The Huairen Hall or Huairentang (怀仁堂 (懷仁堂)) is a building inside Zhongnanhai, the Chinese government's leadership compound in Beijing. It has been the site of several major events in Chinese history. Huairen Hall is the main meeting place of the Politburo of the Chinese Communist Party (CCP) and an alternate meeting place of the CCP Politburo Standing Committee. The building is also the meeting location of several of the CCP's leading groups such as the Financial and Economic Affairs Leading Group and the Leading Group for Comprehensively Deepening Reforms. The building has a main auditorium that can seat approximately a thousand people as well as a conference room on the second floor that is used for smaller scale meetings.

== History ==

Construction of the hall began in 1885 and was overseen by Yixuan, Prince Chun. In 1888 the hall became the daily workplace of Dowager Empress Cixi, the then de facto ruler of China, replacing the Hall of Mental Cultivation in the nearby Forbidden City. After the Boxer Rebellion, Huairentang became the headquarters of occupying Eight Nation Alliance's commander Alfred von Waldersee. In 1902 Empress Cixi rebuilt Huairentang at a cost of five million taels of silver and in 1908 she died there.

After the founding of the Republic of China in 1911, President Yuan Shikai used the building to meet with foreign guests and to accept New Year's Day greetings. After Yuan's death, it was the site of his funeral. When Cao Kun became president, he used Huairentang as his residence. After the end of the Beiyang Government Huairentang had no permanent use and was given to the Beijing City Government.

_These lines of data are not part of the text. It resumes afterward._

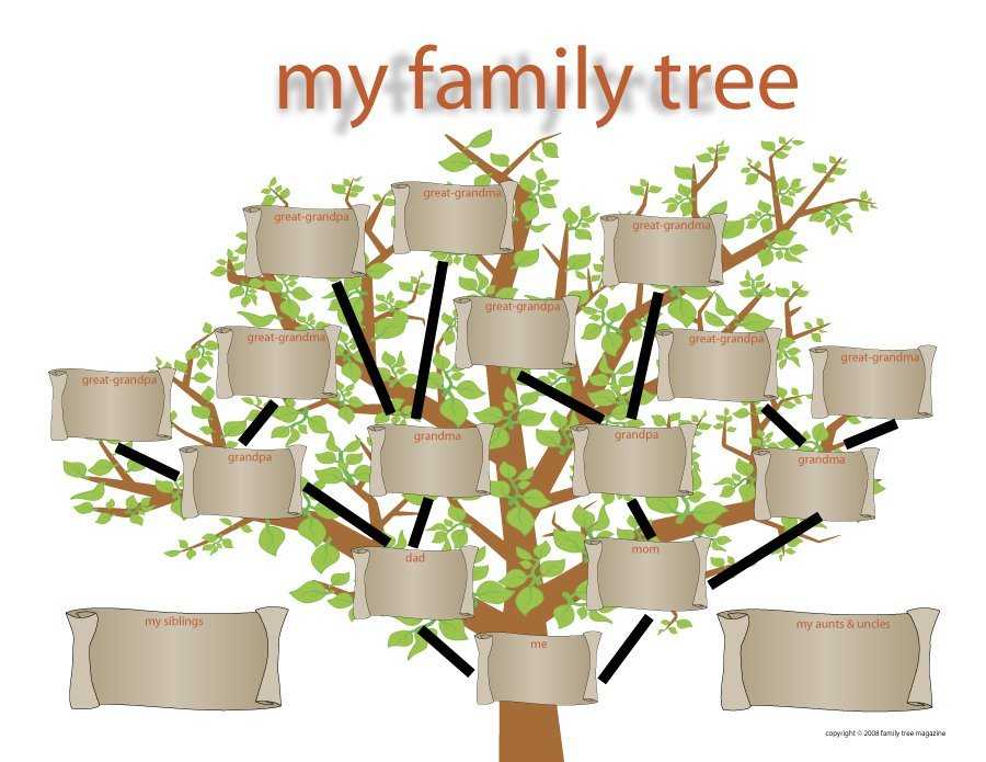 Семейное древо – это рисунок, отображающий родственные связи членов вашей семье в форме дерева и его веток. Шаблон родословного дерева отображает иерархическую структуру семьи, её историю, является наглядным выражением образа Рода. Кроме имени и фамилии родственников дерево часто включает дату их рождения и смерти, фотографии, другую справочную информацию.
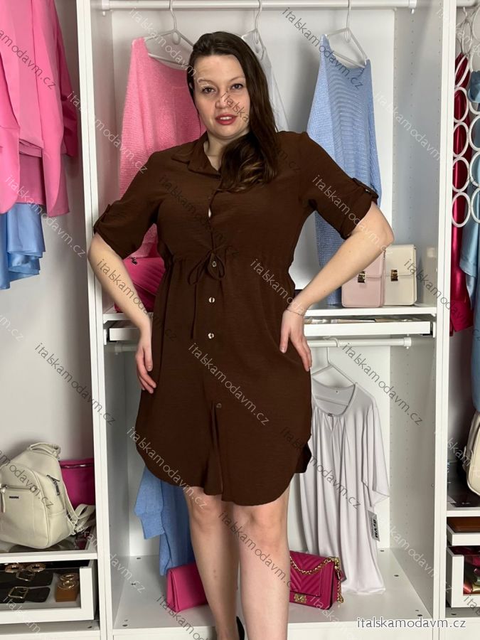ZBOŽÍ (21942) > Šaty košilové stahovací 3/4 dlouhý rukáv dámské (S/M/L ONE SIZE) ITALSKÁ MÓDA IMSM26072/DU S/M/L hnědá
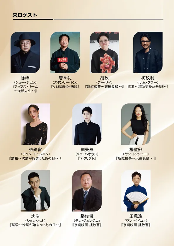授賞式にはシュー・ジェン(徐崢)、リウ・ハオラン(劉昊然)、フー・メイ(胡玫)等中国映画界を代表する豪華来日ゲストに加え、各賞のプレゼンターとして、日本映画界からも素晴らしい豪華ゲストが登壇します(各種チケットは10月8日販売開始)。
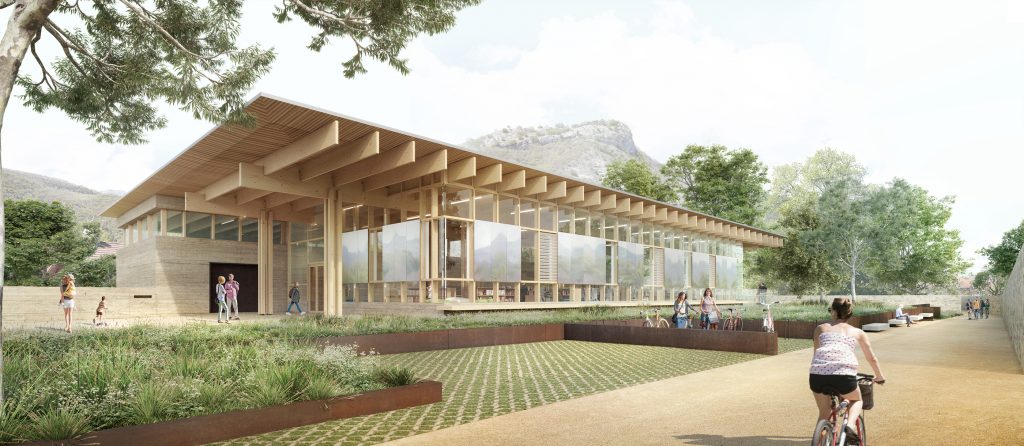 Ce projet pour la médiathèque de Vif dispose deux volumes parallèles, orientés sur la direction nord-sud, dont les matérialités signent l’engagement environnemental.
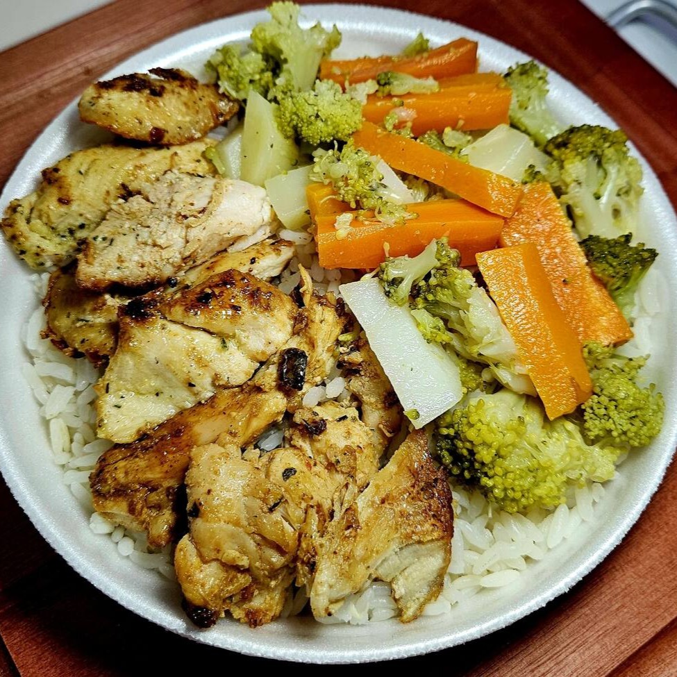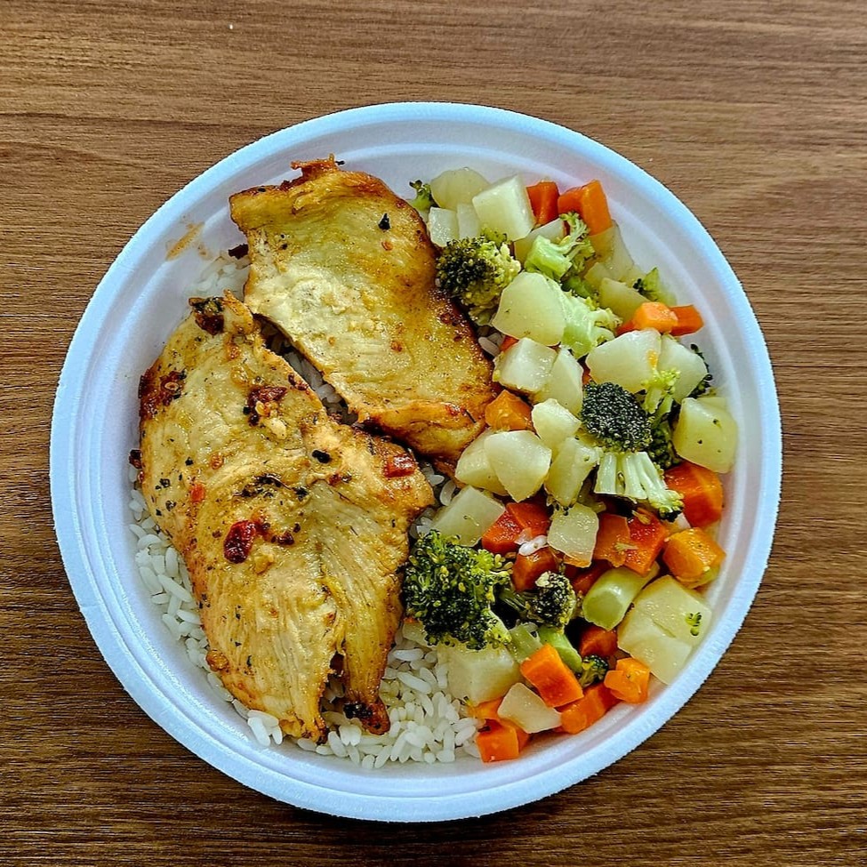 Filé de Frango Grelhado e Mix de Legumes Acompanha arroz, filé grelhado e mix de legumes (este prato não acompanha feijão)
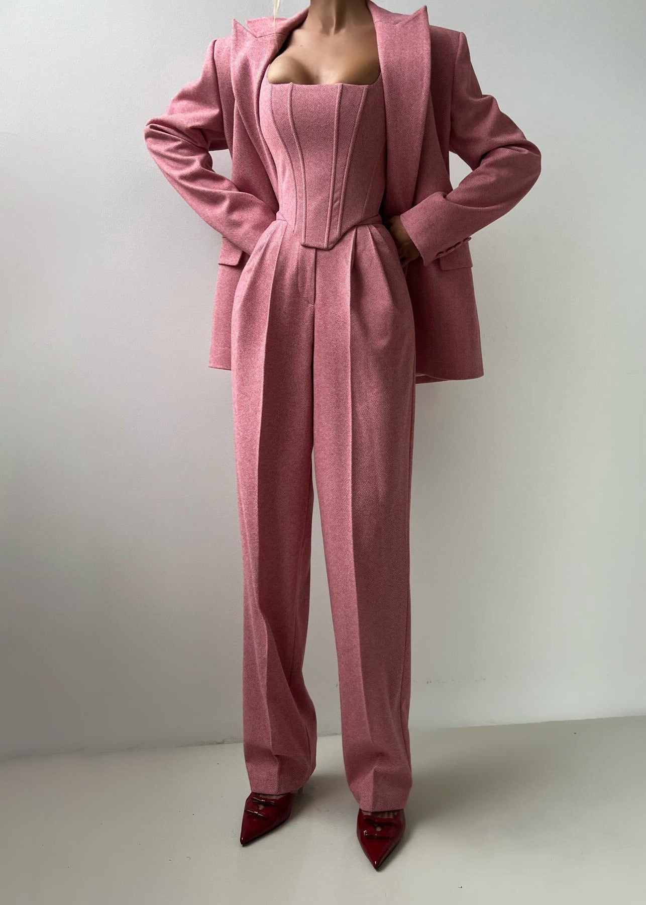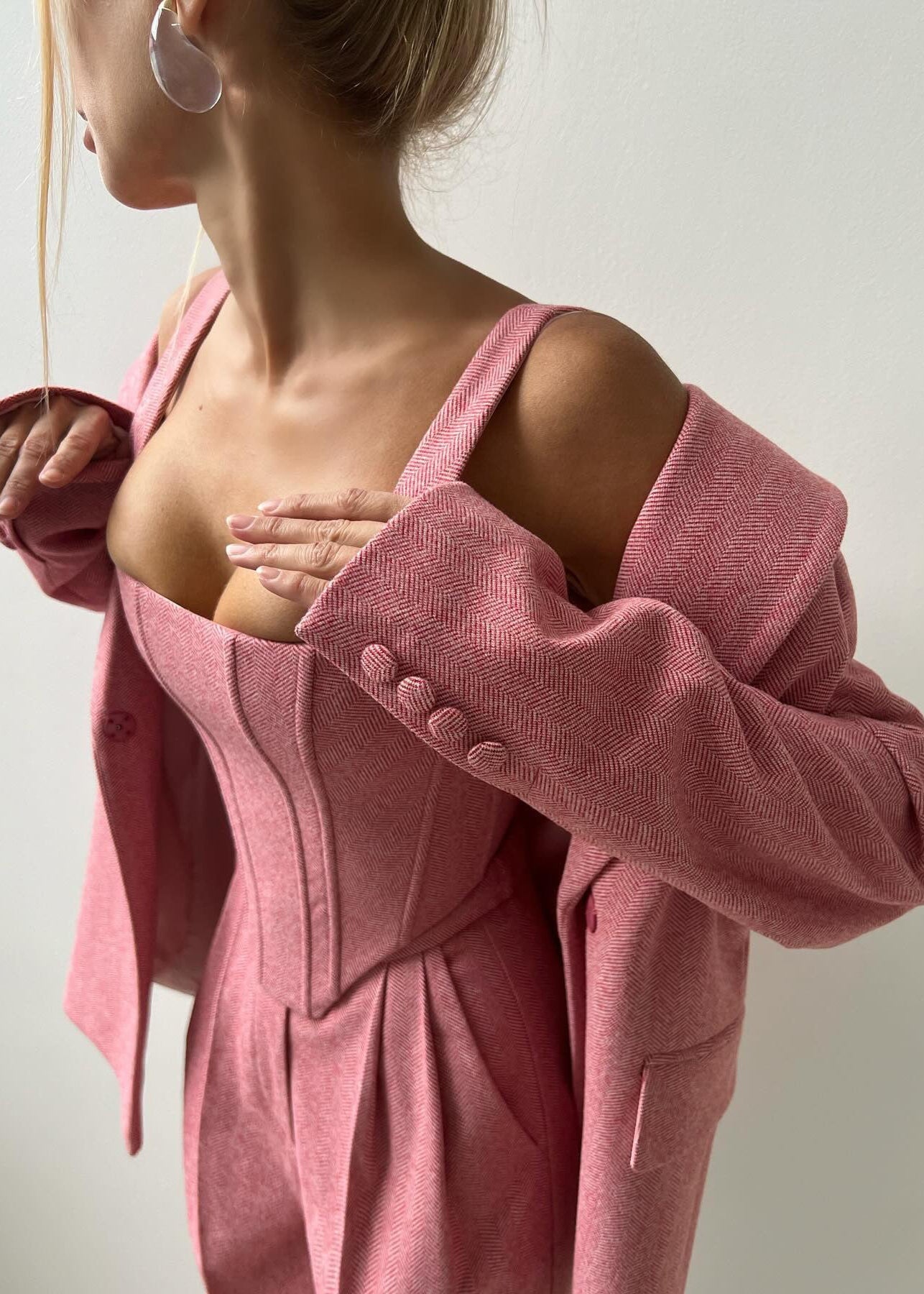 Rosé Herringbone Blazer and Corset Jumpsuit Set – Modern Two-Piece Suit for Women

After the founding of the People's Republic of China, Premier Zhou Enlai began plans to hold the first plenary session of the Chinese People's Political Consultative Conference at Huairen Hall in September of 1949. In order for the building to serve as a sufficiently sized audience hall, an iron sheet roof was erected over one of the building's original courtyards. This reconstruction was only temporary and as part of the "Huairen Hall Expansion Project" a more permanent two-story auditorium was built on the site which has largely remained unchanged to this day. The new meeting hall was then used for first session of the National People's Congress in 1954. Huairen Hall became the auditorium of the central government, often hosting various art shows and political meetings, including CCP Central Committee plenums before the construction of Jingxi Hotel in 1964.

=== Historical events ===
- 1930 - Central Plains War: During the second session of an expanded meeting of the Kuomintang Central Executive Committee, opponents of Chiang Kai-shek jointly elected Yan Xishan as president of the national government.
- 1949 - The first plenary session of the Chinese People's Political Consultative Conference
- 1951 - The "Agreement between the Central People's Government and the Tibetan Local Government on the Peaceful Liberation of Tibet" was signed in Huairentang.
- 1954 - The first Session of the first National People's Congress.
- 1955 - The Huairentang grant, Mao Zedong on behalf of the central government awarded ten People's Liberation Army generals the rank of Marshal.
- 1958 - Liu Bocheng is criticized as part of the CCP's anti-dogmatism campaign.
- 1967 - February Countercurrent.
- 1976 - The "Huairentang Incident": The "Gang of Four" were arrested, marking the end of the Cultural Revolution.
- 1989 - Hu Yaobang collapsed during a Politburo meeting in Huairentang, and subsequently died, sparking the Tiananmen Square protests of 1989.

== Structure ==
Huairen Hall is on the west bank of Zhongnanhai's Middle Lake.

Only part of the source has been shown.